# [What you are asked to do]
Retype the lines below exactly, but only those from the line that has "Červená lehká mikina se Spidermanem a kapucí" through the line that has "開花時期を調整した桜を、苔玉". Omit every picture.

# [Dataset entries]
=== Section Start ===

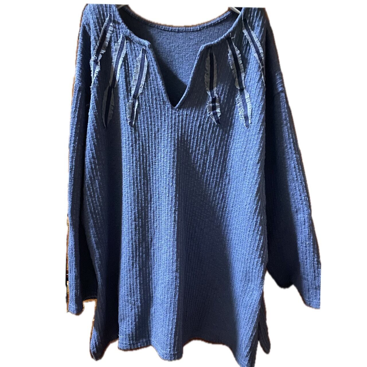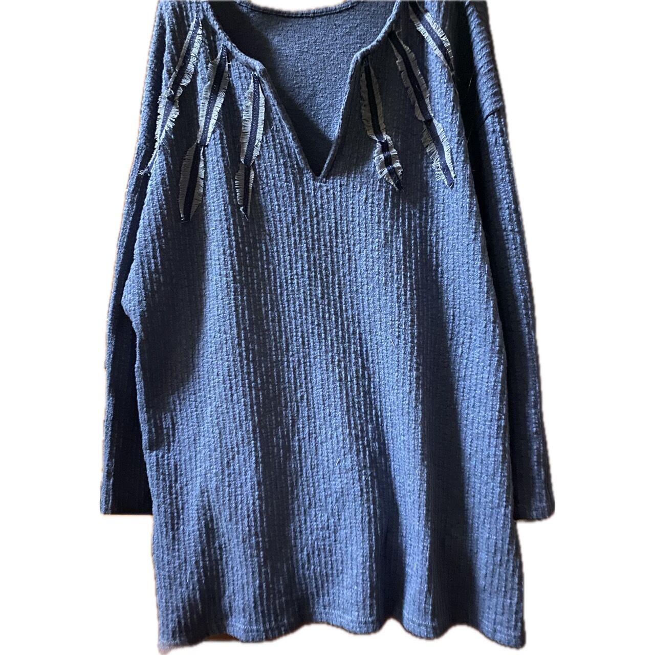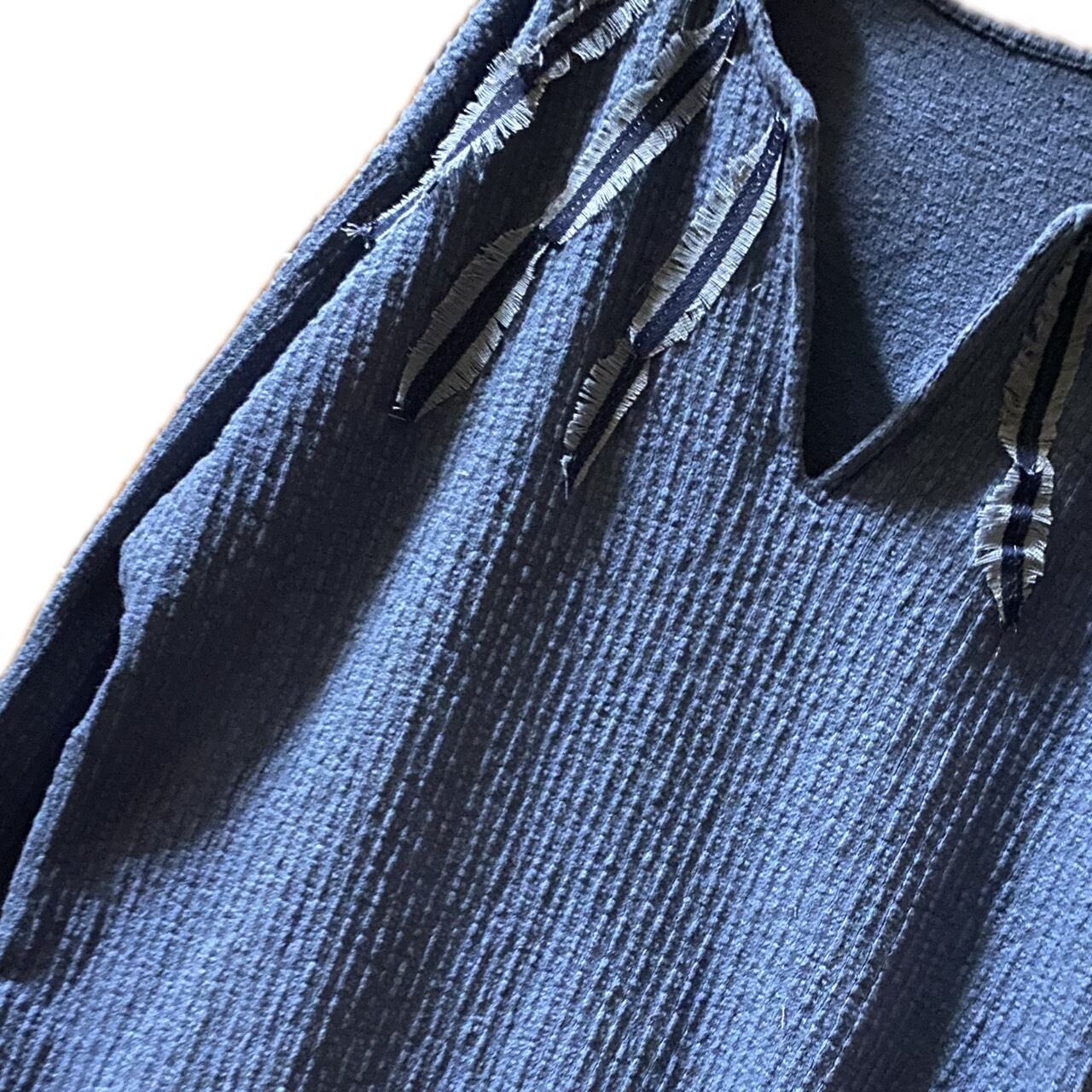 80年代のおそらくオーダーメイドと思われるディープキーネックと言う激レアなキーネックタイプの年中活躍するテクスチャー素材のインディゴブルーのカラーのどなたにも対応するマルチなカットソーをリメイクしました。せっかくえりもとか首もとにデザイン性があり、脱力感と大人っぽさがある。カットソーだったら
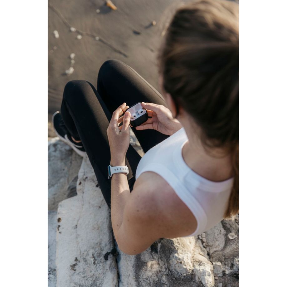 Das Nomad Sport Band Slim verleiht jeder Apple Watch einen modernen und sportlichen Look und ist dabei ideal für intensive Workouts sowie den alltäglichen Gebrauch. Das Sportarmband hat ein leichtes und atmungsaktives Design, das aus einem weichen, flexiblen Fluorkautschuk für hohen Tragekomfort besteht. Es ist besonders schlank und deshalb auch für schmale Handgelenke geeignet, besitzt aber dennoch die Widerstandsfähigkeit eines größeren Bands. Das Material Fluorkautschuk ist ein Fluorelastomer, das antimikrobiell wirkt und ganz einfach mit Seife und Wasser gereinigt und desinfiziert werden kann. Das Material gewährleistet ein ideales Gleichgewicht zwischen Komfort und Haltbarkeit. Die Flexibilität von FKM sorgt außerdem für ein angenehmes Tragegefühl. Dank der inneren Belüftungskanäle auf der Unterseite ist das Armband atmungsaktiv.
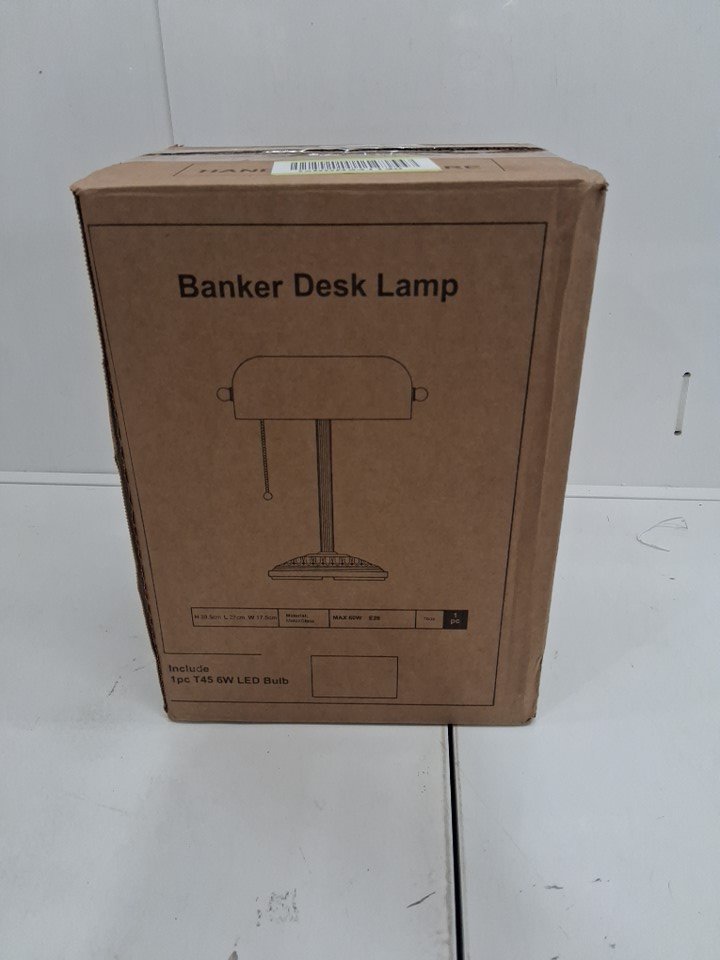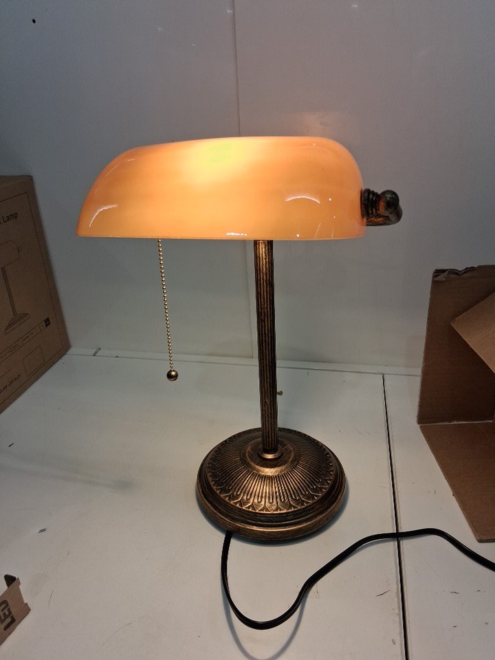 Newrays Glass Bankers Desk Lamp with Pull Chain Switch Plug in Fixture - orange (MODEL: T9007-OG)
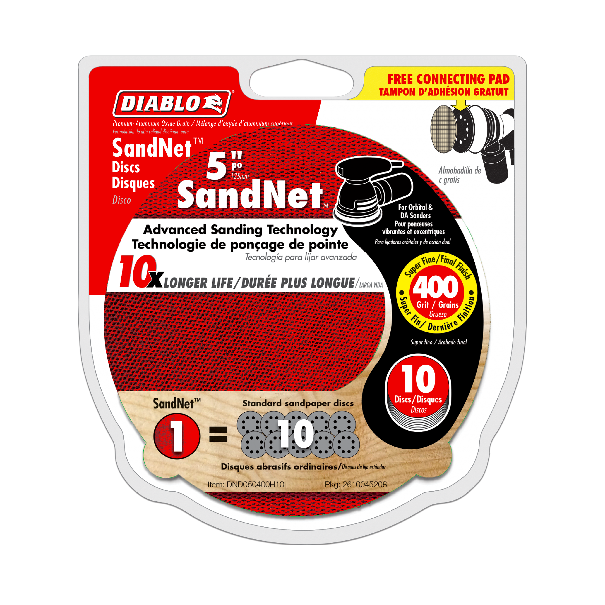 Experience the ultimate sanding solution with the Diablo DND050400H10I 5" 400-Grit SandNET™ Sanding Discs. Designed for both professionals and DIY enthusiasts, these advanced sanding discs feature innovative reusable sanding technology, ensuring you get up to 10 times longer life compared to standard sanding discs.
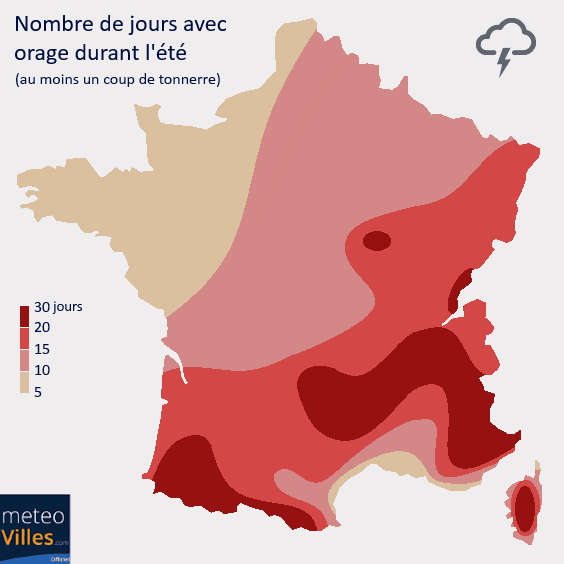 Nombre moyen de jours d'orage (au moins un coup de tonnerre) en France en été - Météo Villes
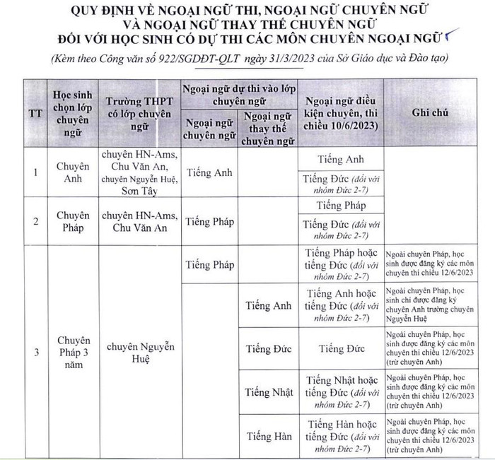 Sở Giáo dục và Đào tạo Hà Nội quy định rõ về môn thi ngoại ngữ khi đăng ký dự thi vào các lớp chuyên ngữ như sau:
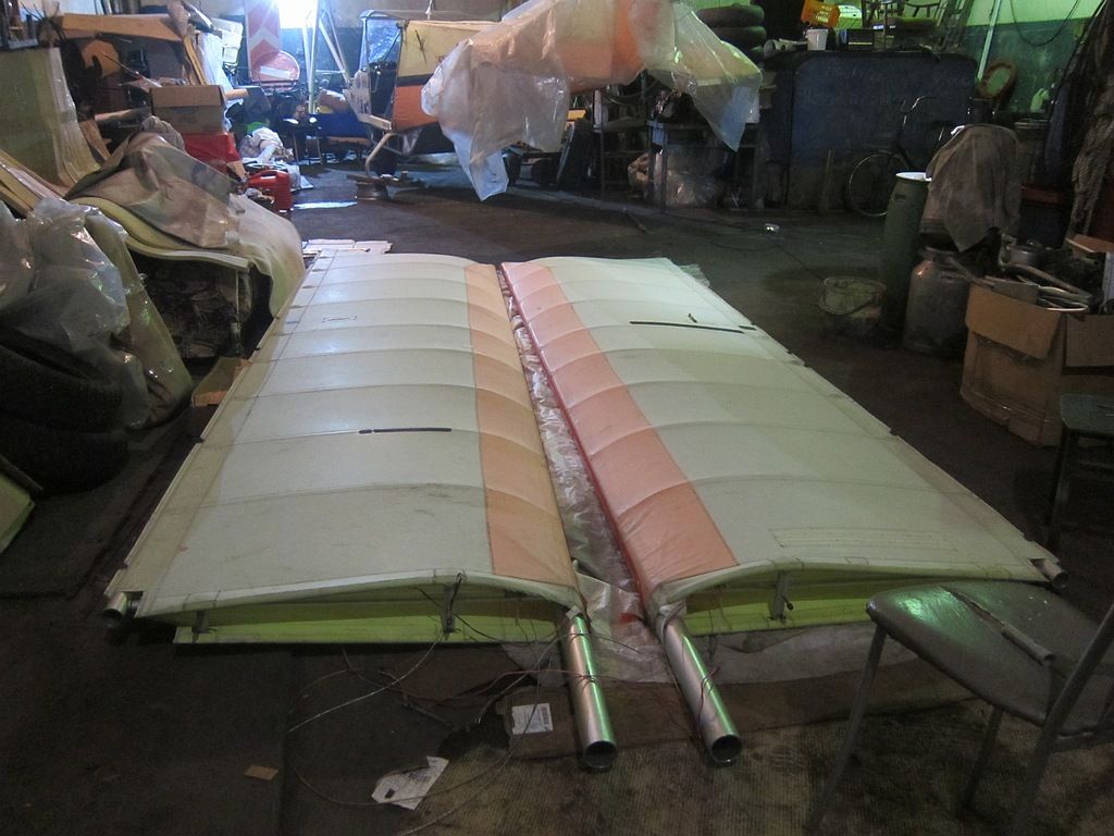 Первоначально были выполнены работы по оценке и ремонту крыльев. Проверены все сочленения конструкции крыла, подштопаны и проклеены надрывы и зацепки, заменил тросовую передачу на элерон.
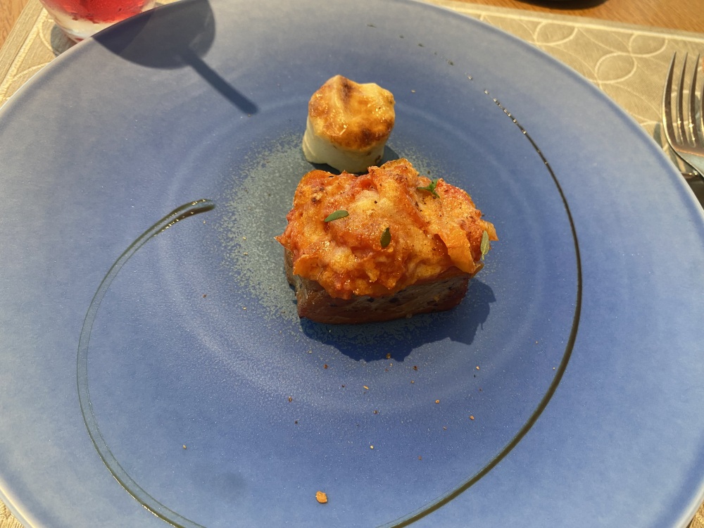 上庄の里芋のグラタンに、秋の気配を感じました。タイムが繊細に添えられており、10月の紅葉が始まる里山の風景が目に浮かぶようでした。
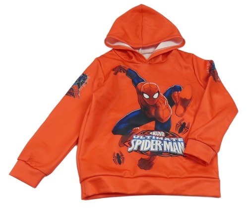 Červená lehká mikina se Spidermanem a kapucí
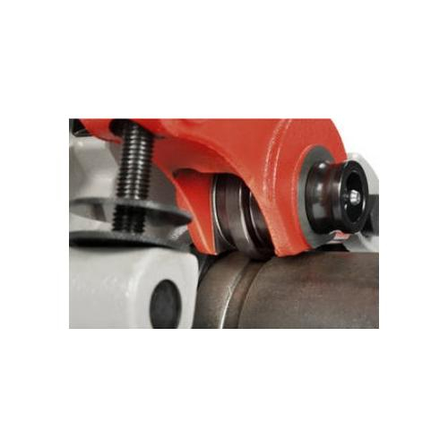 Manageable and compact hand roll groover for producingof grooves on installed thin- and standard Steel pipes. Suitable for installations, sprinkler systems, larger heating units, industrial use and mining.
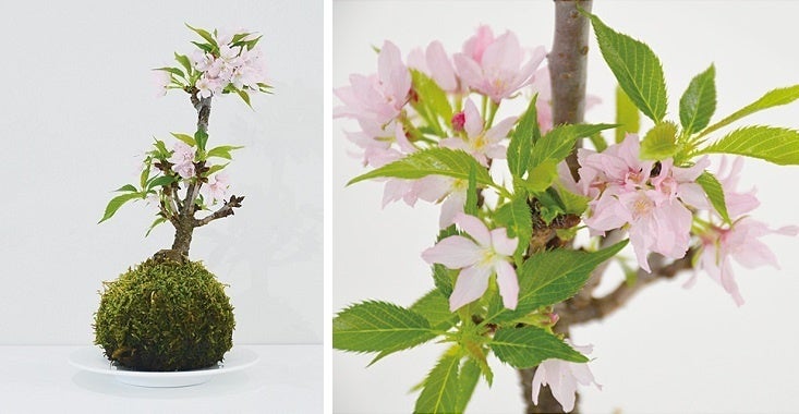 開花時期を調整した桜を、苔玉仕立てにしました。もふもふした愛らしい苔玉と春の桜の組み合わせは、鉢植えや地植えとは異なる魅力があります。見た目は難しそうですが、新鮮な水を絶やさなければ苔玉は枯れることなく、長い間愛でることができます。
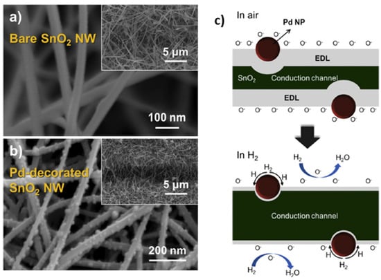 Field-emission scanning electron microscope (FE-SEM) micrographs of (a) bare SnO2 NWs and (b) Pd-decorated SnO2 NWs. Upper-right inserts are the top-view of the FE-SEM images. (c) The sensing mechanism of Pd-decorated SnO2 NWs []. Copyright (2017), with permission from Elsevier.
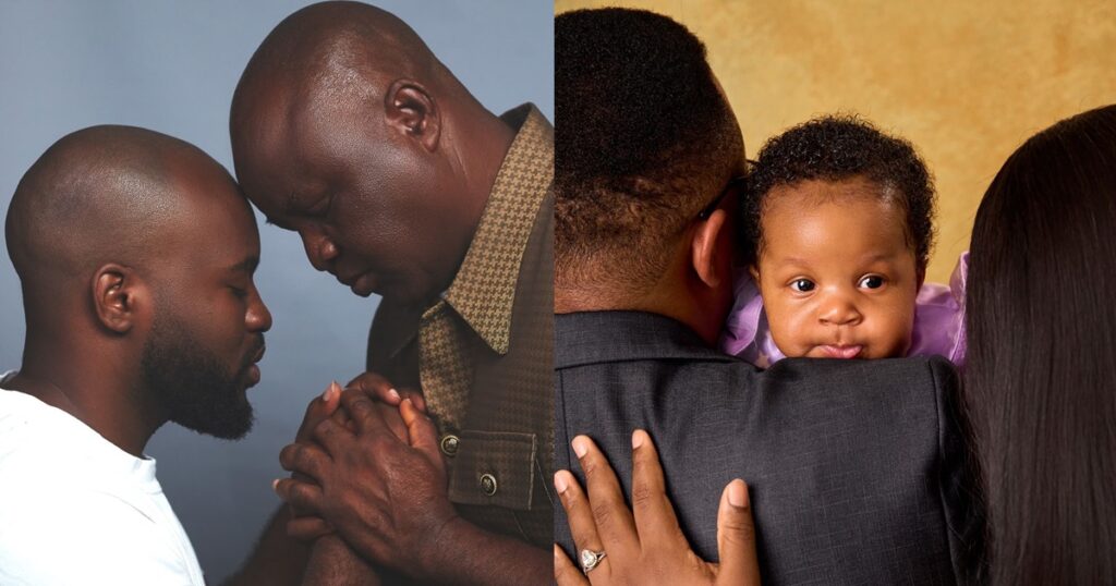 A man has rebuked his father for calling him out for carrying his child while his wife held a small hand bag.
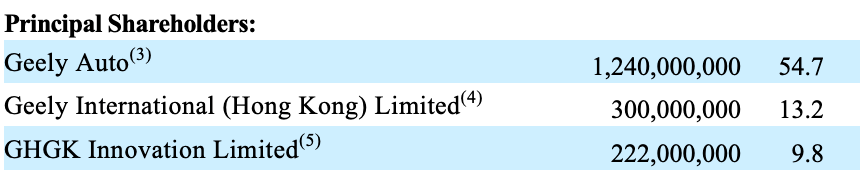 极氪汽车在招股书中表示,自成立以来,吉利汽车一直是控股股东,并将在本次发行完成后继续控制极氪。招股书显示,在本次发行前,吉利汽车持股54.7%;吉利国际(Geely International (Hong Kong) Limited)持股13.2%;GHGK Innovation Limited持股9.8%。
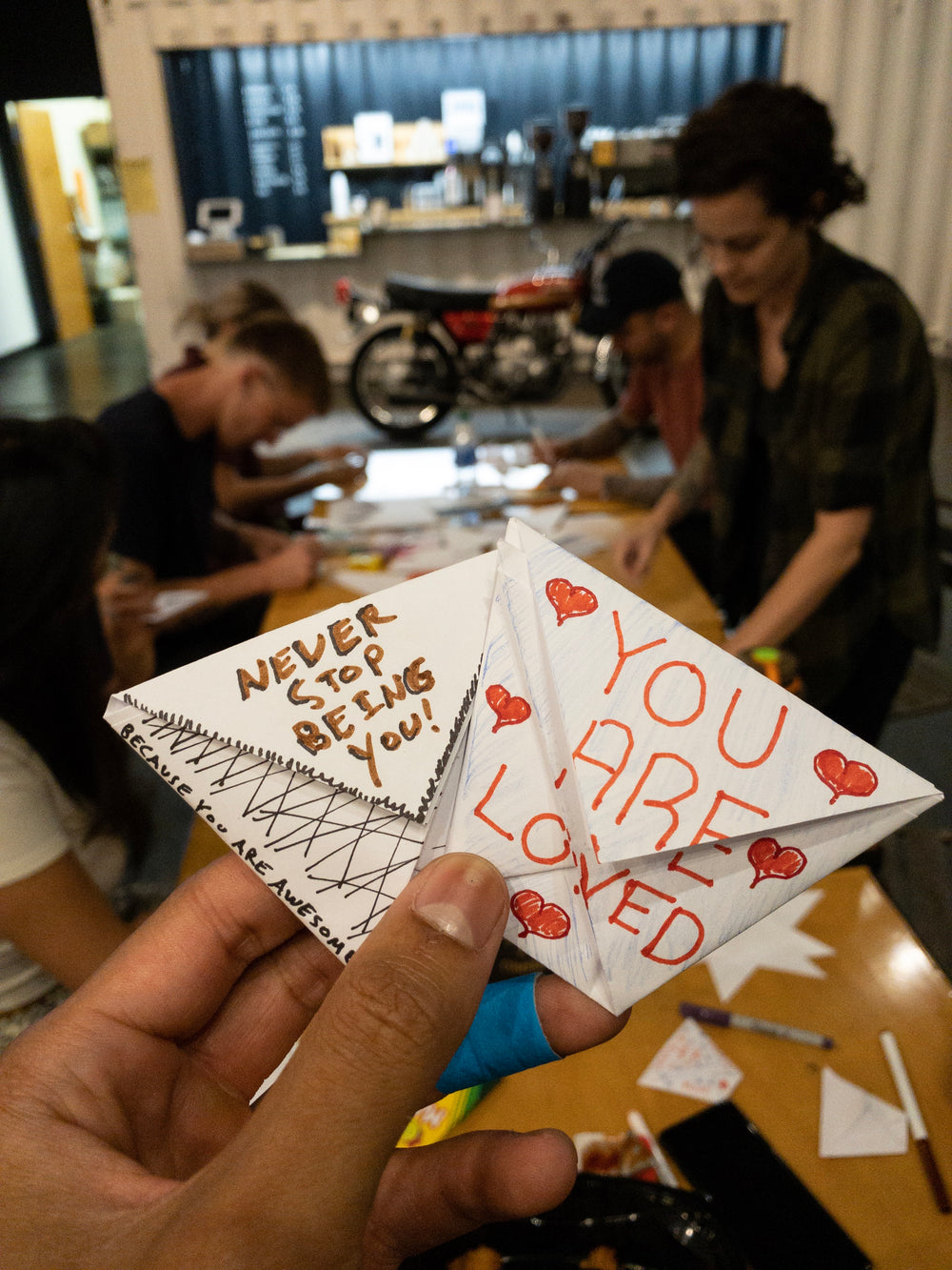 Bi-monthly our wonderful volunteers would come together to prepare messages for those receiving aid and service by TCF and DCC. This simple opportunity in union gave people a means to feel connected and appreciated through a good cause.

=== Section End ===

# [Response to this exercise]
 Červená lehká mikina se Spidermanem a kapucí
 Manageable and compact hand roll groover for producingof grooves on installed thin- and standard Steel pipes. Suitable for installations, sprinkler systems, larger heating units, industrial use and mining.
 開花時期を調整した桜を、苔玉仕立てにしました。もふもふした愛らしい苔玉と春の桜の組み合わせは、鉢植えや地植えとは異なる魅力があります。見た目は難しそうですが、新鮮な水を絶やさなければ苔玉は枯れることなく、長い間愛でることができます。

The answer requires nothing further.